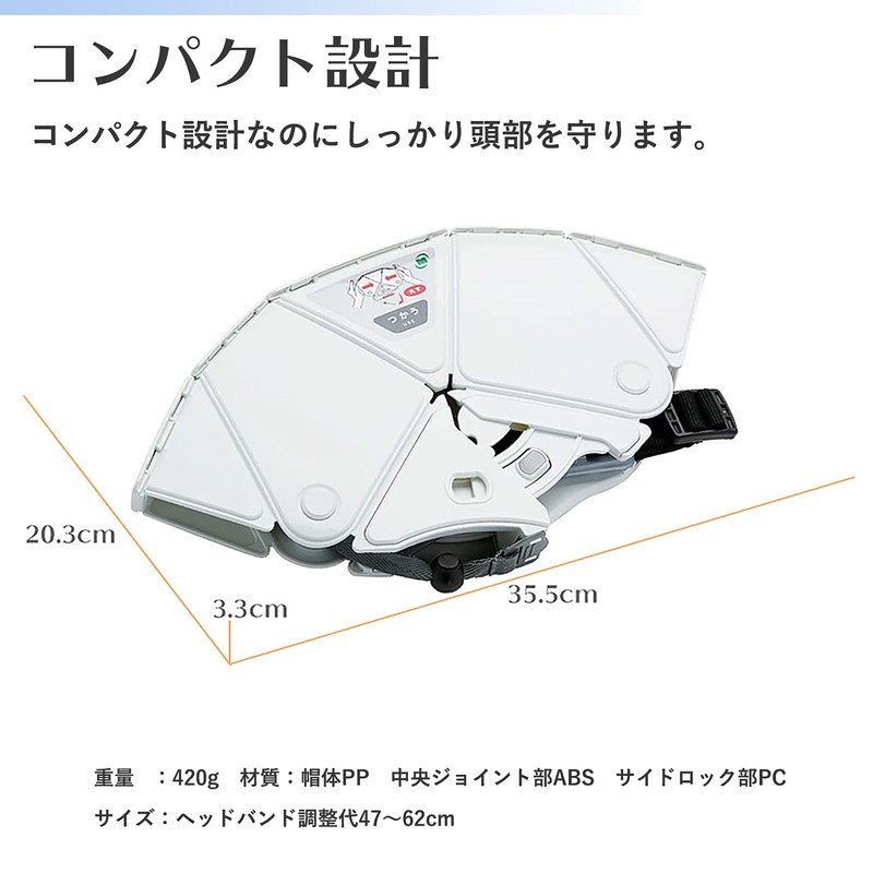 Midori Anzen TSC-10N Flatmet2 Folding Safety Helmet for Disaster Preparedness, Meets National Certification Standards, White
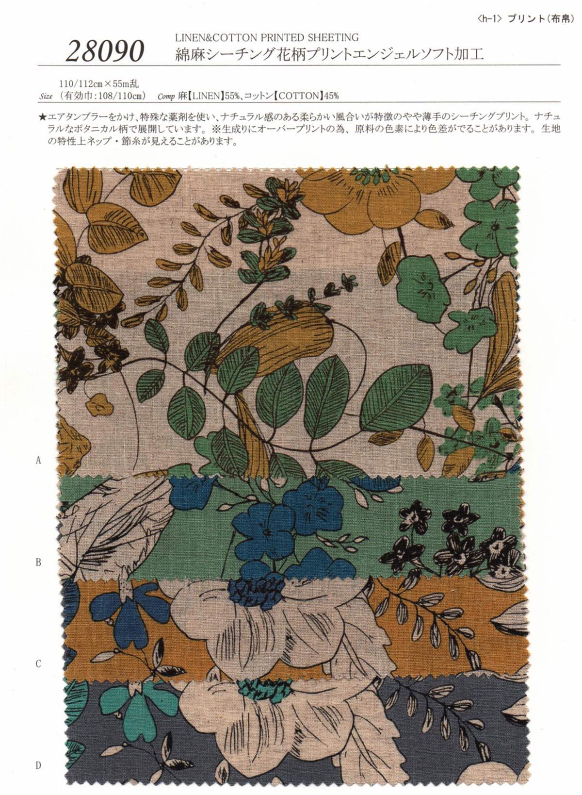 綿麻シーチング花柄プリントエンジェルソフト加工
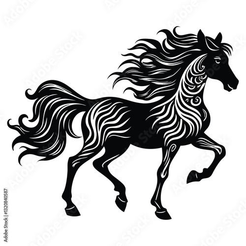 Graceful Running Horse Silhouette Vector Illustration, Black Equine Art on a White Background
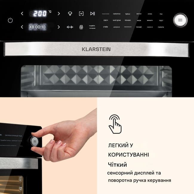 - Простий у використанні: чіткий сенсорний дисплей і поворотна ручка керування
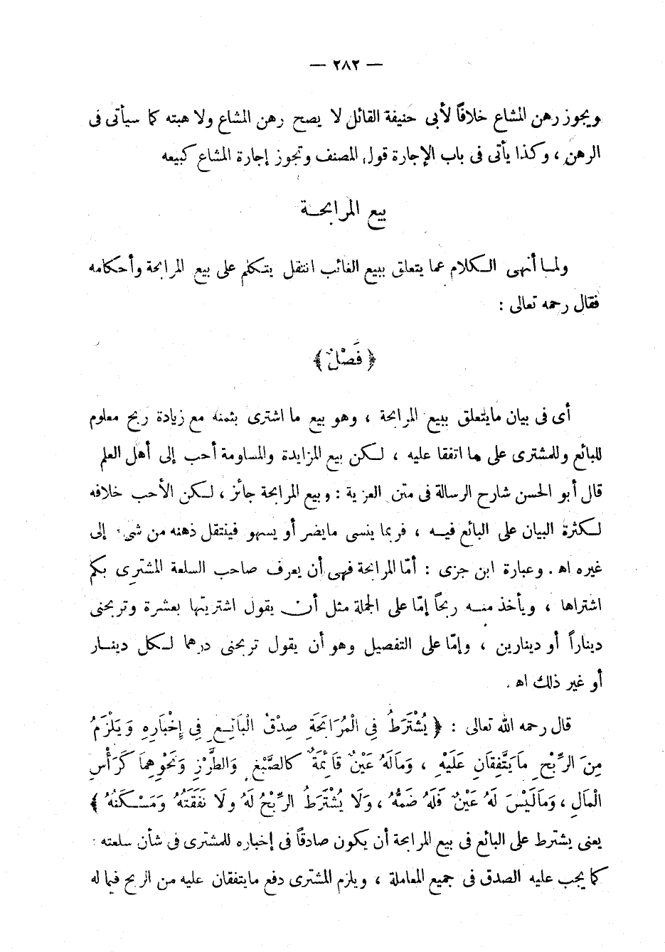 ولما أنهى الكلام على ما يتعلق ببيع الغائب انتقل يتكلم على بيع المرابحة وأحكامه فقال رحمه تعالى:
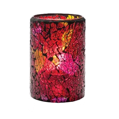 Effortless elegance in every lighting using Hollowick, 43017RG, Candle Lamp / Holder. This Red and Gold Crackle Cylinder Glass Lamp from Hollowick adds a touch of sophistication to any commercial restaurant setting. The cylinder style and vibrant red and gold colors create a warm and inviting ambiance, perfect for enhancing the dining experience. Made of high-quality glass, this lamp accommodates Hollowicks HD26, HD17, or HD12 Liquid candles, providing a reliable and long-lasting source of light. With a compact size of 3-1/8" diameter and 4-1/2" height, it fits seamlessly on tables, countertops, or bar areas. The crackle design adds a unique texture and visual interest, making it a standout piece in any restaurant decor.
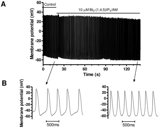 Effects of 10 µM Bt3-(1,4,5)IP3-AM on spontaneous action potentials in rabbit AVN cells.
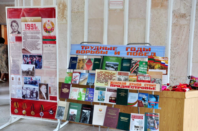 Так, как сообщает пресс-служба госадминистрации, на экспозиции представлены личные вещи активных участниц событий 1991 года, жительницы с. Карагаш Галины Фоминых и Александры Турукиной, комплекс материалов защитницы ПМР участвовавшей в боевых действиях в 1992 году Скорецкой Г. В.
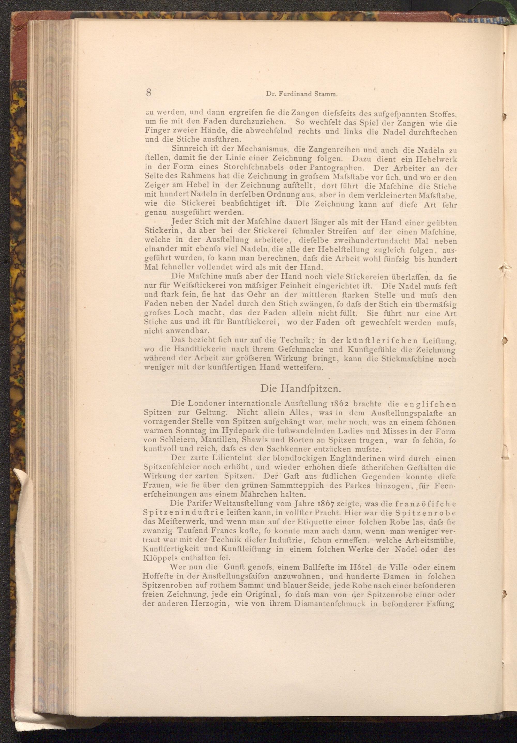 Die Parifer Weltausftellung vom Jahre 1867 zeigte, was die franzöfifche Spitzeninduftrie leiften kann, in vollfter Pracht. Hier war die Spitzenrobe das Meisterwerk, und wenn man auf der Etiquette einer folchen Robe las, dafs fie zwanzig Taufend Francs kofte, fo konnte man auch dann, wenn man weniger vertraut war mit der Technik diefer Induſtrie, fchon ermeffen, welche Arbeitsmühe, Kunftfertigkeit und Kunftleiftung in einem folchen Werke der Nadel oder des Klöppels enthalten fei.
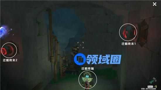 4、随后瞄准迁能终末1等待2秒,接着在瞄准并点击储能装置3和迁能终末2等待2秒;
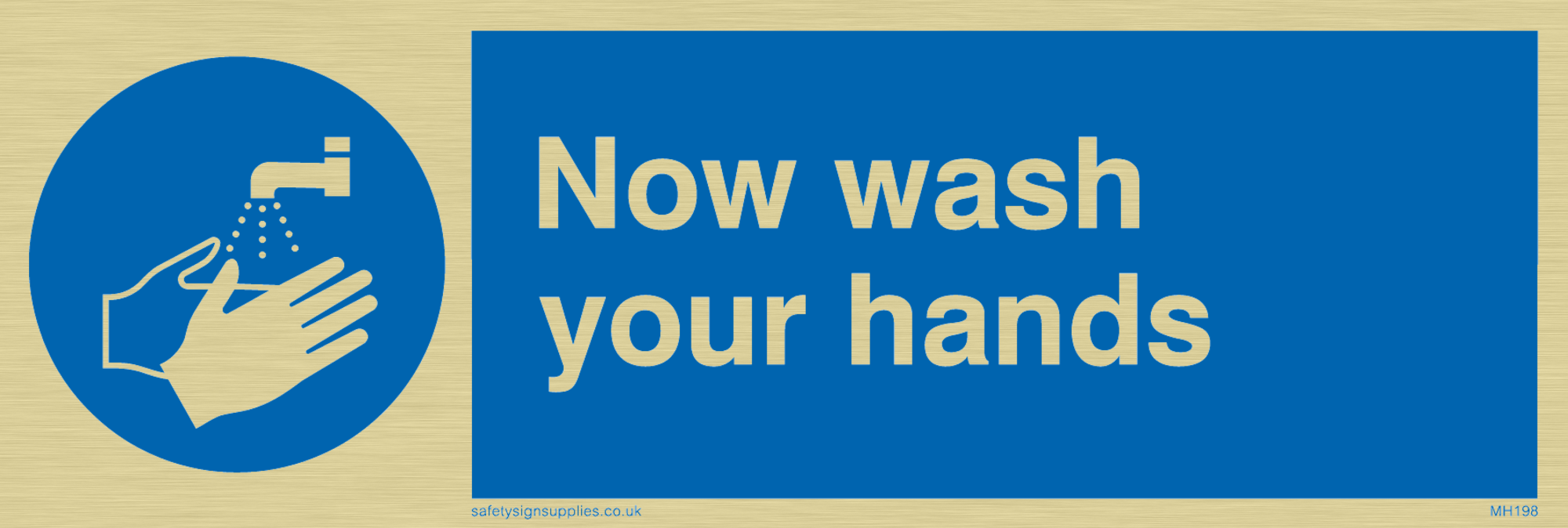 This sign contains a wash hands symbol - person washing hands under running tap in white within blue circle.

* **Task item**
Omit the pictures, then retype the remaining material without a single change.

* **Answer space**
 Midori Anzen TSC-10N Flatmet2 Folding Safety Helmet for Disaster Preparedness, Meets National Certification Standards, White
 綿麻シーチング花柄プリントエンジェルソフト加工
 Graceful Running Horse Silhouette Vector Illustration, Black Equine Art on a White Background
 - Простий у використанні: чіткий сенсорний дисплей і поворотна ручка керування
 ولما أنهى الكلام على ما يتعلق ببيع الغائب انتقل يتكلم على بيع المرابحة وأحكامه فقال رحمه تعالى:
 Effortless elegance in every lighting using Hollowick, 43017RG, Candle Lamp / Holder. This Red and Gold Crackle Cylinder Glass Lamp from Hollowick adds a touch of sophistication to any commercial restaurant setting. The cylinder style and vibrant red and gold colors create a warm and inviting ambiance, perfect for enhancing the dining experience. Made of high-quality glass, this lamp accommodates Hollowicks HD26, HD17, or HD12 Liquid candles, providing a reliable and long-lasting source of light. With a compact size of 3-1/8" diameter and 4-1/2" height, it fits seamlessly on tables, countertops, or bar areas. The crackle design adds a unique texture and visual interest, making it a standout piece in any restaurant decor.
 Effects of 10 µM Bt3-(1,4,5)IP3-AM on spontaneous action potentials in rabbit AVN cells.
 Так, как сообщает пресс-служба госадминистрации, на экспозиции представлены личные вещи активных участниц событий 1991 года, жительницы с. Карагаш Галины Фоминых и Александры Турукиной, комплекс материалов защитницы ПМР участвовавшей в боевых действиях в 1992 году Скорецкой Г. В.
 Die Parifer Weltausftellung vom Jahre 1867 zeigte, was die franzöfifche Spitzeninduftrie leiften kann, in vollfter Pracht. Hier war die Spitzenrobe das Meisterwerk, und wenn man auf der Etiquette einer folchen Robe las, dafs fie zwanzig Taufend Francs kofte, fo konnte man auch dann, wenn man weniger vertraut war mit der Technik diefer Induſtrie, fchon ermeffen, welche Arbeitsmühe, Kunftfertigkeit und Kunftleiftung in einem folchen Werke der Nadel oder des Klöppels enthalten fei.
 4、随后瞄准迁能终末1等待2秒,接着在瞄准并点击储能装置3和迁能终末2等待2秒;
 This sign contains a wash hands symbol - person washing hands under running tap in white within blue circle.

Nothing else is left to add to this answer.